▶ [Requirement]:
Please reproduce the entries below exactly from the line with "刘淼认真听取师生发言,并作总" through their last line, leaving out any pictures.

Records excerpted from a collection
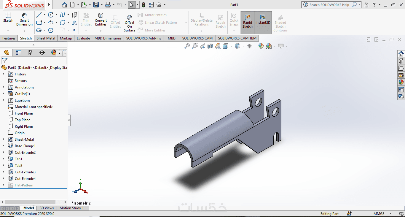 تصميم Sheet Metal شامل الـ Flat Pattern وملفات الـ DXF
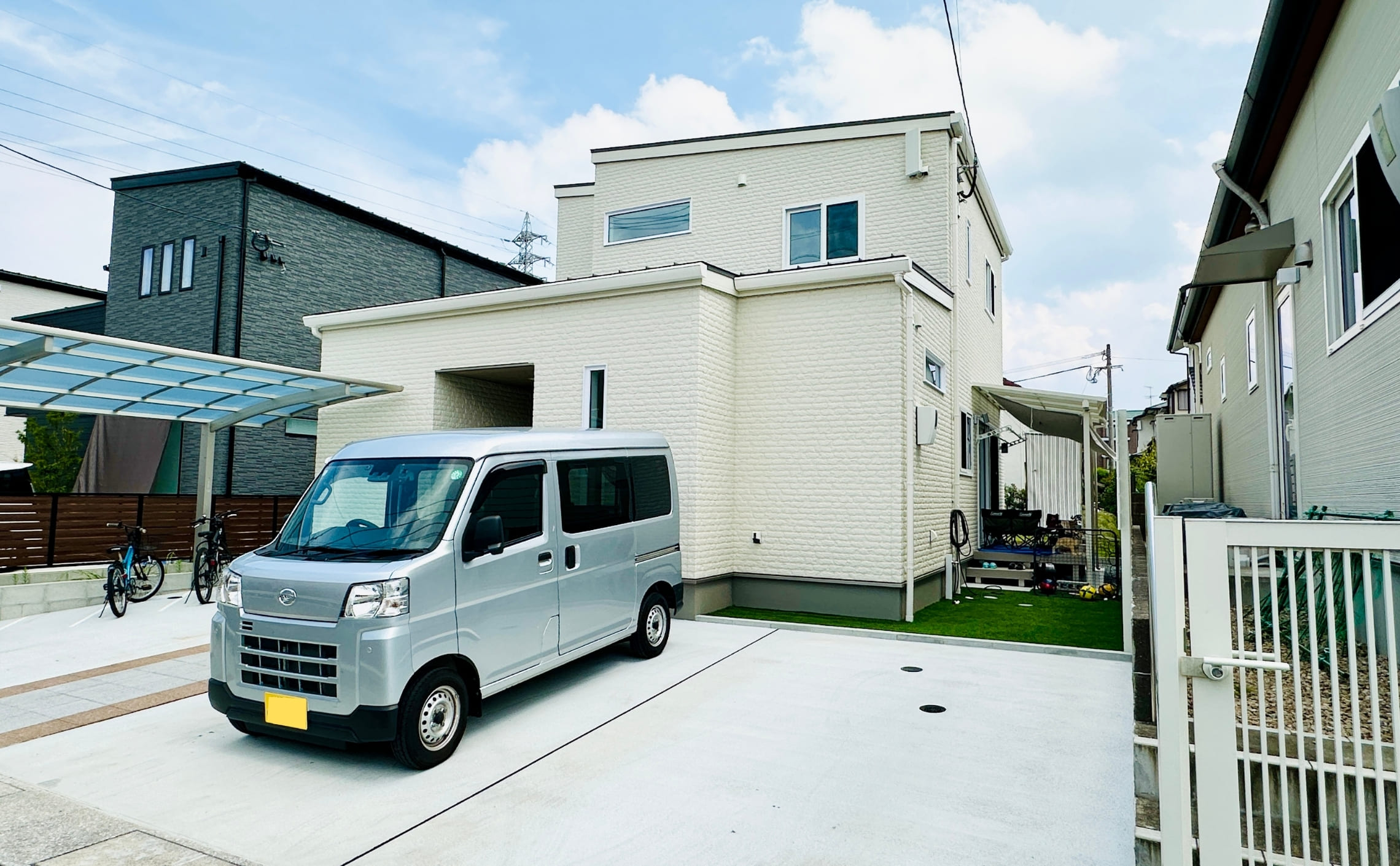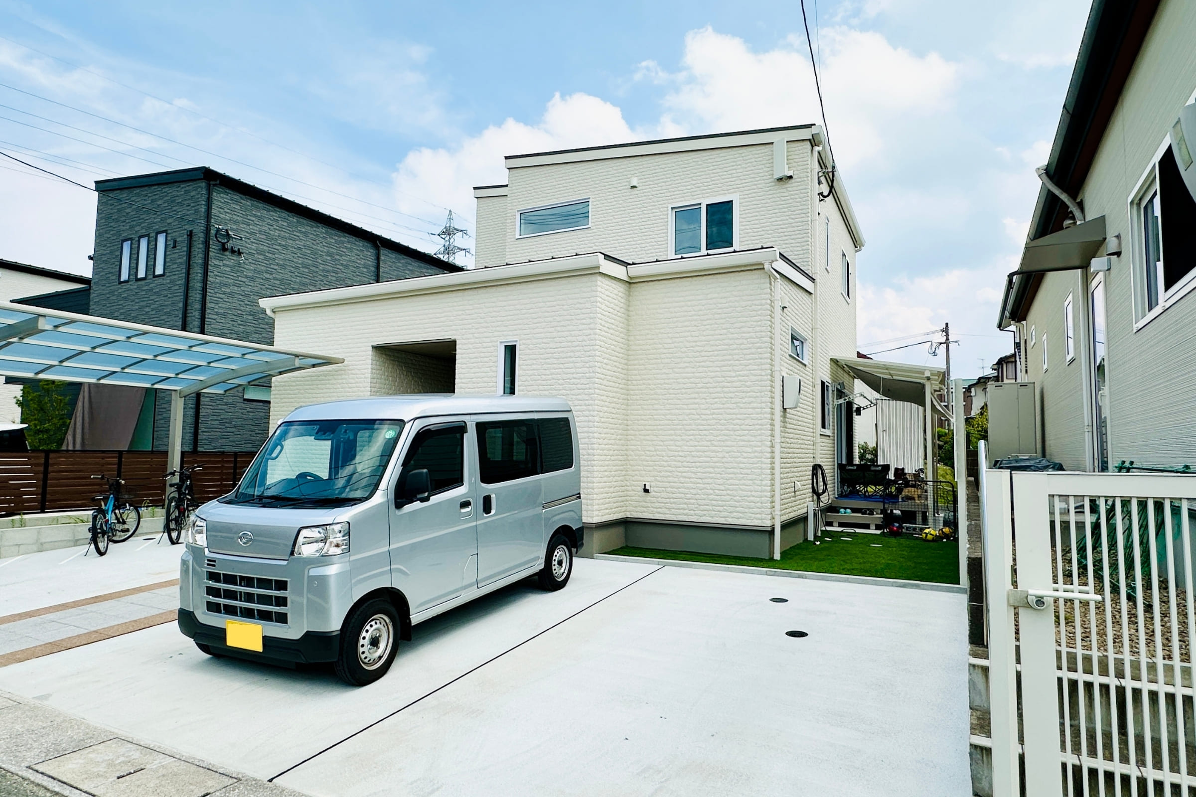 白を基調にしたシンプルでモダンな外観に、凹凸のあるデザインや窓の配置で奥行きを持たせ、洗練された印象に。さらにカーポートを設けることで、自転車や荷物を置けるスペースを確保し、直射日光や雨から守ることができます。
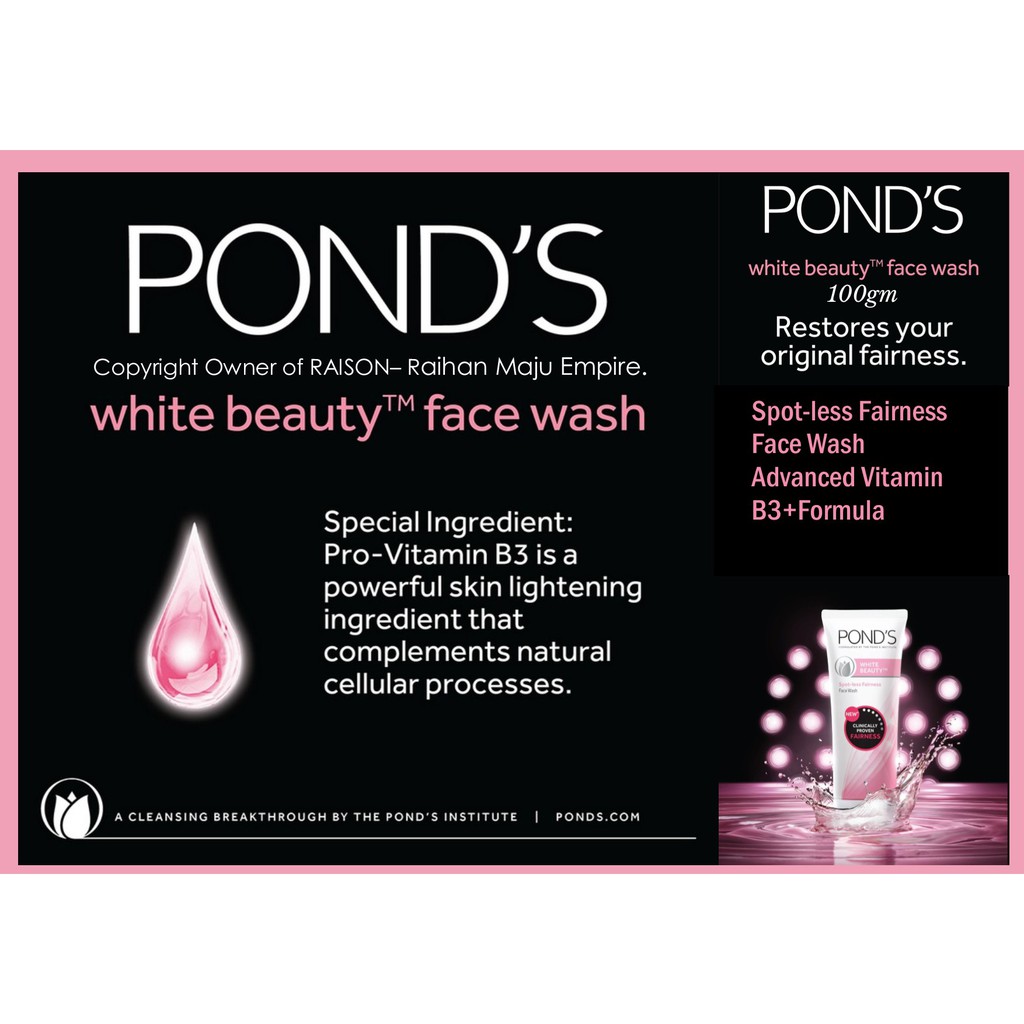 The Pond's White Beauty range is formulated with advanced pro-vitamin B3, and is clinically proven to reduce dark spots and combat multiple darkening problems. By lightening up millions of cells, Pond's White Beauty products lead to smoother, more radiant skin.
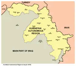 Iraqi Kurdistan or Southern Kurdistan[1] (Kurdish: باشووری کوردستان, romanized: Başûrê Kurdistanê)[2][3][4] refers to the Kurdish-populated part of northern Iraq. It is considered one of the four parts of Greater Kurdistan in West Asia, which also includes parts of southeastern Turkey (Northern Kurdistan), northern Syria (Western Kurdistan), and northwestern Iran (Eastern Kurdistan).[5][6] Much of the geographical and cultural region of Iraqi Kurdistan is part of the Kurdistan Region (KRI), a semi-autonomous region[7] recognized by the Constitution of Iraq.[8] As with the rest of Kurdistan, and unlike most of the rest of Iraq, the region is inland and mountainous.[9]
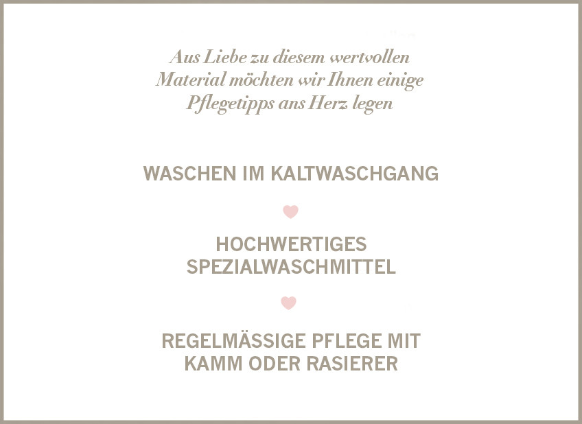 Um Ihnen eine langanhaltende Freude an ihren Cashmere-Produkten zu bewahren, möchten wir ihnen einige Pflegetipps ans Herz legen:
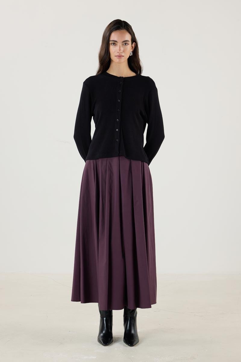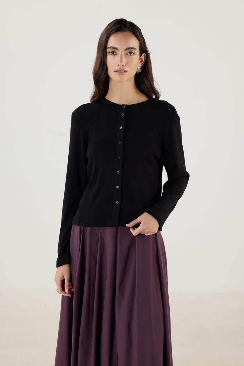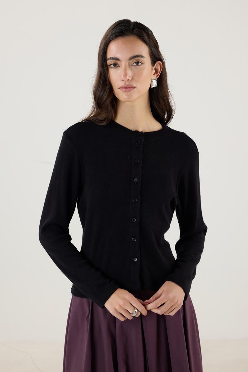 Bisiklet yaka, önden gold düğmeli ve cepli tüylü premium dokuda regular kesim hırka.
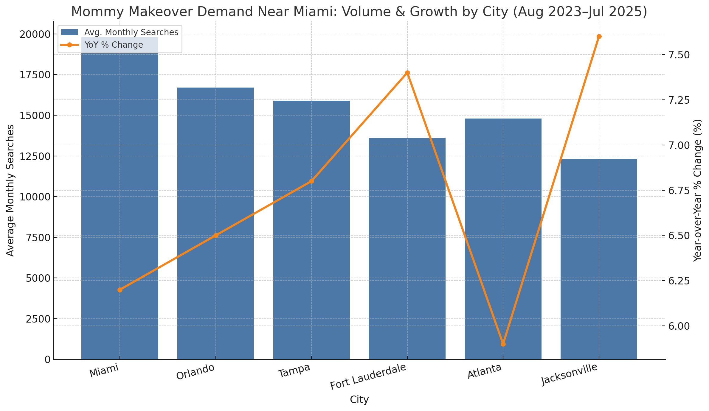 If you’re researching a mommy makeover—often a personalized combination of breast augmentation or lift, tummy tuck (abdominoplasty), and targeted liposuction—you’re not alone. Our latest Aesthetic Match analysis looked at Google Keyword Planner data across August 2023–July 2025 to understand where demand is strongest around Miami and where it’s accelerating. We aggregated average monthly searches and year-over-year (YoY) growth for six large metros: Miami, Fort Lauderdale, Orlando, Tampa, Jacksonville, and Atlanta.
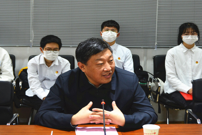 刘淼认真听取师生发言,并作总结讲话。首先,他对班团支部成员的精神面貌,对师生在学习,竞赛和蓝阶梯乡村振兴团实践方面的奋斗劲头表示肯定,期待后期有时间也能和同学们一起参与到这个实践活动中。他表示很高兴参加这次团日活动,希望同学们能做到四个“读懂”,读懂中国、读懂世界、读懂时代、读懂自己,做有益于他人,有益于国家的时代新人,从而成就更好的自己。最后,他送给同学们“善良、快乐、智慧、道义”四个成长法宝,学会正确看待得失,勇于承担起责任和使命。
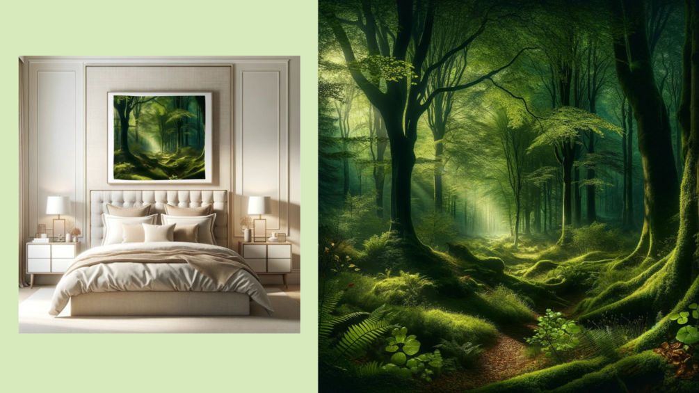 Forest Landscape Walks through Surrounded with Towering trees, Rich Textures of Lush Moss and Sunlight filtering through. Tranquil Forest Artwork, Forest Nature Landscape, Wall Art Download, Digital Art, Home Décor Wall Art.
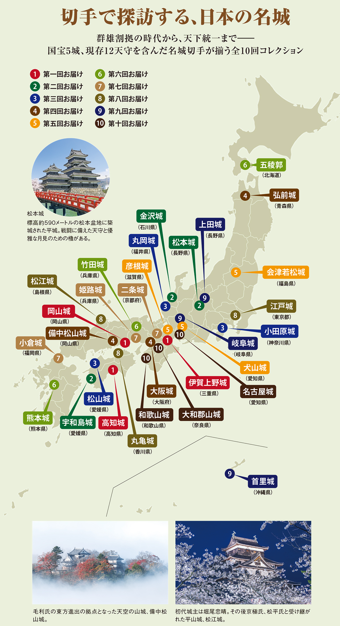 毎月カード3点(3城)ずつ、10回にわたってお届けします。
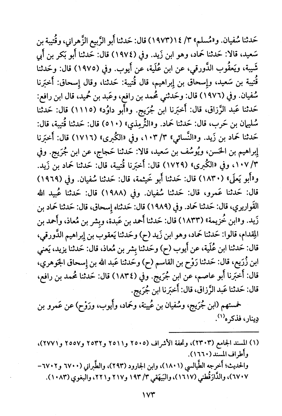 خمستهم (عبد الملك بن جُريج، وسفيان بن عُيينة، وحماد، وأيوب، وروح) عن عَمرو بن دينار، فذكره (¬١).
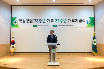 대구사이버대학교(총장 이근용)는 지난 2일 대구대학교 평생교육관 2층 소극장에서 개교 22주년 기념행사를 열었다.이날 행사에는 학교법인 영광학원 김동건 이사장과 이근용 총장, 김희숙 총학생회장 등 대학 구성원 80여 명이 참석한 가운데 ▲개회선언 및 국민의례 ▲내빈소개
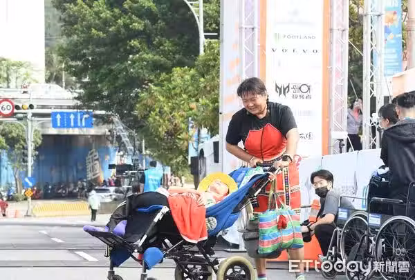 後來又有朋友約她前往旗津參加黑沙路跑,天氣舒適涼爽,每當吹到風,小比就會揮動雙手開心地笑著,「我如果去參加跑步,他可以出來接觸人群,還可以吹到風,我想要帶他去做這些事情,只要他開心就好了。」
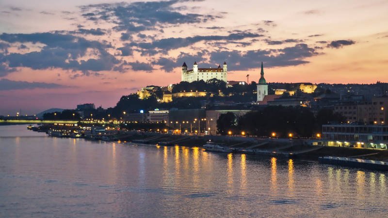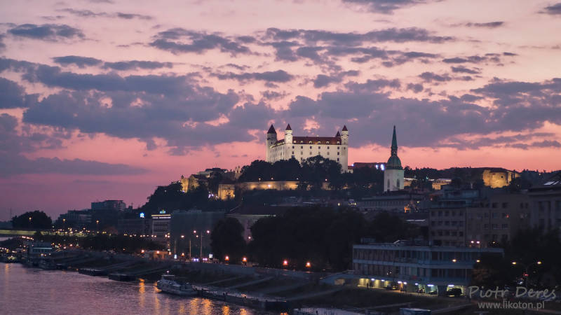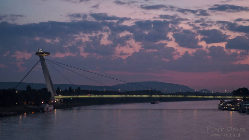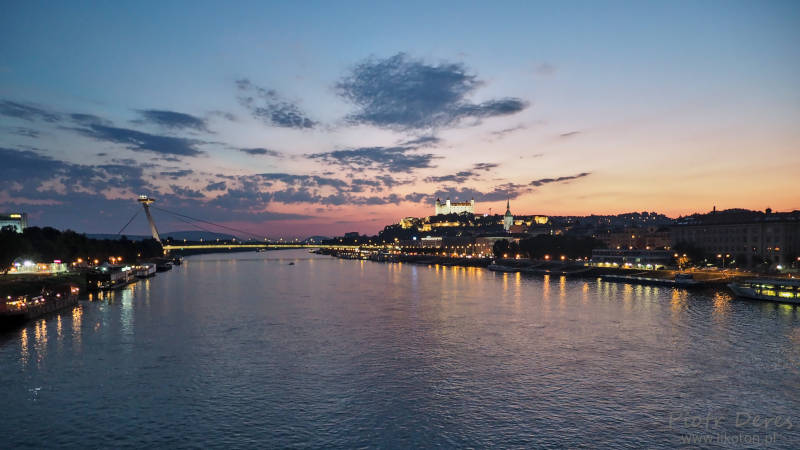 Spod kościoła ulicą Bezručvą, mijając ulicę Sienkiewiczovą, doszliśmy do Dostojevského. Przeszliśmy na drugą stronę ulicy i deptakiem doszliśmy do Starego Mostu. Stąd mieliśmy kapitalny widok na Stare Miasto z górującym nad nim zamkiem, Dunaj, bulwary, czy most SNP z restauracją UFO. Całość podkreślało oświetlenie.

▶ [Written reply]:
 刘淼认真听取师生发言,并作总结讲话。首先,他对班团支部成员的精神面貌,对师生在学习,竞赛和蓝阶梯乡村振兴团实践方面的奋斗劲头表示肯定,期待后期有时间也能和同学们一起参与到这个实践活动中。他表示很高兴参加这次团日活动,希望同学们能做到四个“读懂”,读懂中国、读懂世界、读懂时代、读懂自己,做有益于他人,有益于国家的时代新人,从而成就更好的自己。最后,他送给同学们“善良、快乐、智慧、道义”四个成长法宝,学会正确看待得失,勇于承担起责任和使命。
 Forest Landscape Walks through Surrounded with Towering trees, Rich Textures of Lush Moss and Sunlight filtering through. Tranquil Forest Artwork, Forest Nature Landscape, Wall Art Download, Digital Art, Home Décor Wall Art.
 毎月カード3点(3城)ずつ、10回にわたってお届けします。
 خمستهم (عبد الملك بن جُريج، وسفيان بن عُيينة، وحماد، وأيوب، وروح) عن عَمرو بن دينار، فذكره (¬١).
 대구사이버대학교(총장 이근용)는 지난 2일 대구대학교 평생교육관 2층 소극장에서 개교 22주년 기념행사를 열었다.이날 행사에는 학교법인 영광학원 김동건 이사장과 이근용 총장, 김희숙 총학생회장 등 대학 구성원 80여 명이 참석한 가운데 ▲개회선언 및 국민의례 ▲내빈소개
 後來又有朋友約她前往旗津參加黑沙路跑,天氣舒適涼爽,每當吹到風,小比就會揮動雙手開心地笑著,「我如果去參加跑步,他可以出來接觸人群,還可以吹到風,我想要帶他去做這些事情,只要他開心就好了。」
 Spod kościoła ulicą Bezručvą, mijając ulicę Sienkiewiczovą, doszliśmy do Dostojevského. Przeszliśmy na drugą stronę ulicy i deptakiem doszliśmy do Starego Mostu. Stąd mieliśmy kapitalny widok na Stare Miasto z górującym nad nim zamkiem, Dunaj, bulwary, czy most SNP z restauracją UFO. Całość podkreślało oświetlenie.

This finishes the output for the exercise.